Build the Level 3 → Level 4 transition explicitly. Many agents start as Level 3 (act with approval) and are intended to evolve toward Level 4 (autonomous) as the enterprise gains confidence. Build the approval workflow in, design the monitoring and kill-switch infrastructure, and define the specific metrics that would trigger a tier upgrade. Buyers who can see a clear path from supervised to autonomous deployment are more likely to approve initial deployment.

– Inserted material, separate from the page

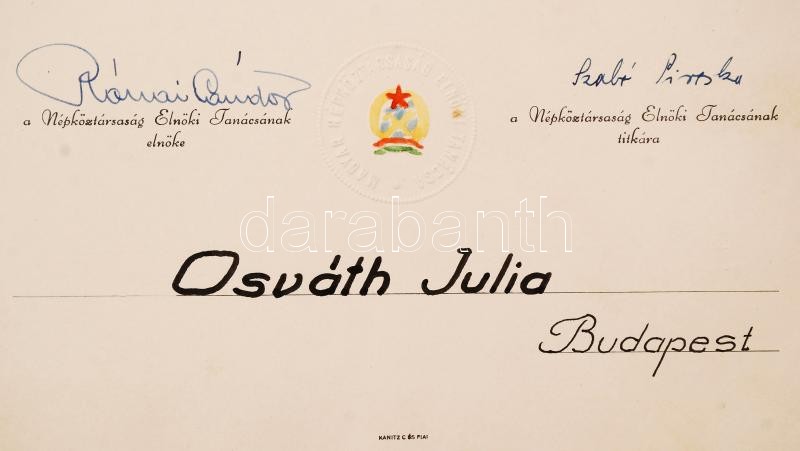 1950 A Magyar Népköztársaság Elnöki Tanácsa oklevele a "Magyar Népköztársaság érdemes művésze" cÃm adományozásáról Osváth Júlia (1908-1994) opera-énekesnÅ‘ részére, Rónai Sándor (1892-1965), az Elnöki Tanács elnöke (1950-1952) és Szabó Piroska, az Elnöki Tanács titkára (1950-1953) aláÃrásaival. A cÃerek kézzel kiszÃnezve utólag. Körbevágott. /

Connect governance to the security procurement conversation. The enterprise security gate we covered after the Geordie $30M raise addresses the pre-deployment moment — security teams blocking agentic deployments before they start. The Gartner governance framework addresses the post-deployment failure mode — agents that pass security review but get rolled back because their governance posture cannot survive production reality. Builders building for enterprise sale need to address both. A well-secured agent without tiered governance will eventually surface a production failure that triggers decommissioning. A well-governed agent that cannot pass security review never ships.
The 40% is not a fixed outcome. It is a description of what happens when governance does not keep pace with deployment speed. Builders who build the governance architecture into the agent design — not as a layer applied after the fact — are building agents that survive long enough to prove their value.